AAAS: "British Trawlers Working Nearly 20 Times as Hard to Catch Fish."
Most commercial fisherfolk today don't appreciate how much harder it is to catch fish than it was for their forebears. In the 1880s, steam-powered trawlers began to compete with sail-powered fishing boats in European waters. "The practice was controversial in the United Kingdom, where some critics claimed that the new trawlers were reducing fish stocks and damaging habitats."
Marine conservation biologist Callum Roberts of the University of York in the United Kingdom decided to analyze the historical data. "To adjust the catch data for the increasingly powerful and sophisticated fishing boats, Roberts and colleagues used boat registration records to calculate the overall power of the British fleet." The researchers expressed ship 'power' in units equivalent to the catching power of one sail-powered trawler in the 1880s, calculating the Landings Per Unit of fishing Power (LPUP).
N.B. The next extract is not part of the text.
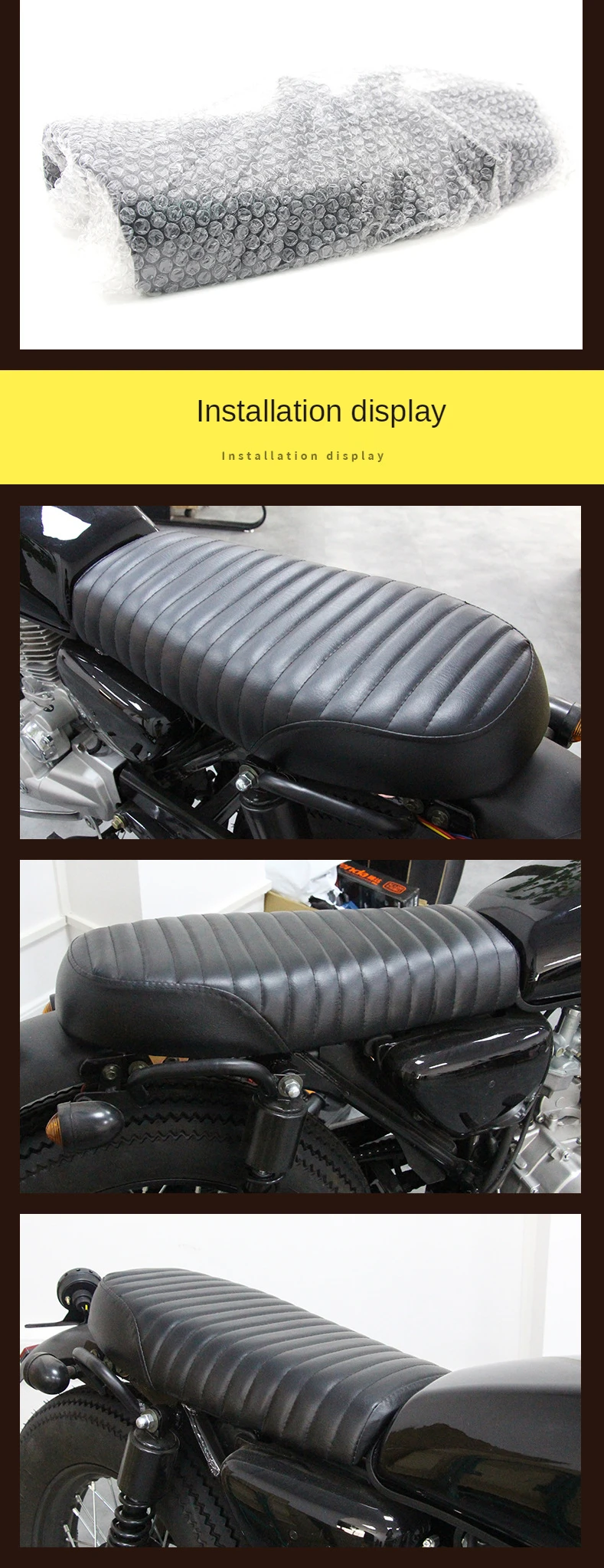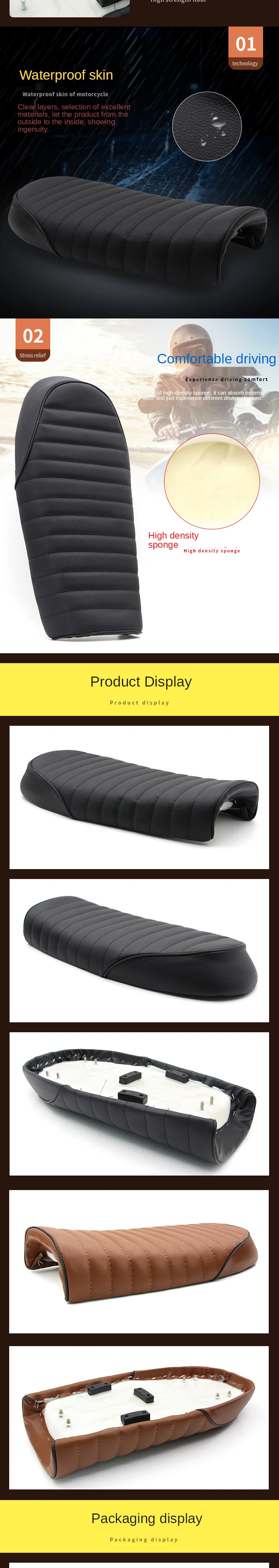 Описание: Ретро модернизированная, водонепроницаемая сумка на ремне с пряжкой Название: Новое высокопроизводительное сиденье Материал: высокопрочная Нижняя пластина + губка высокой плотности + водонепроницаемая кожа + Ультратонкий ретро-стиль Цвет: коричневая кожа высокого качества, черная окантовка Преимущества: эффективная водонепроницаемая, тонкая кожа, мягкая и удобная Размер: длина 53 см * ширина 24,8 см * высота 12 см Особенности: Винтажное мотоциклетное кафе гоночное сиденье Прочная, водонепроницаемая, Высококачественная мягкая кожа -Нежная кожа: прозрачная текстура, удобная на ощупь и Особенная индивидуальность. -Тщательная окантовка: Высококачественная качественная окантовка, прочная прочность, более устойчивая к сидению и не легко трескается -Высокопрочная Нижняя пластина выполнена из новых материалов, светильник вес, сильная, хорошая стойкость к ударным нагрузкам, и ее не так легко ржавчины. -Водонепроницаемая кожа: хорошо слоистые, отборные отличные материалы, так что продукт снаружи и внутри, показывает дух мастерства. -Комфорт вождения: Изготовлен из губки высокой плотности, он может поглощать внешнюю силу, и мягкость в самый раз, так что вы можете испытать различное удовольствие от вождения Вы будете иметь счастливое и удобное путешествие. Приспособление: Универсальный для Honda CG серии винтажные мотоциклы и т. Д.

"From 1889 until 1914, LPUP dropped sharply, from more than 60 tons to less than 20 tons." The decrease in fishing during World War I allowed a recovery of fish stocks, and LPUP rebounded briefly to 30 tons in 1918. "Between WWI and the 1950s, British vessels began fishing farther from home, off the coast of West Africa and in the Arctic...[allowing] the rate of fish caught by British vessels to increase again, to about 50 tons in 1956." But with continued exploitation, LPUP nose-dived, to about 5 tons in 1980, the team reports online this week in Nature Communications.
"After 1983, the Common Fisheries Policy of the European Union set strict new limits on where and how much British vessels could fish, but stocks have not recovered."
Today it takes 17 times as much fishing power to land a fish as it did in 1889, an LPUP of 3.4.
The implications are clear, overfishing, yes, but also marine warming, loss of coral reefs as incubators, plastic + other pollution, acidification, now looming deoxygenation. Climate change + impoverishment of marine ecosystems. Pity the poor fish + the fisherfolk.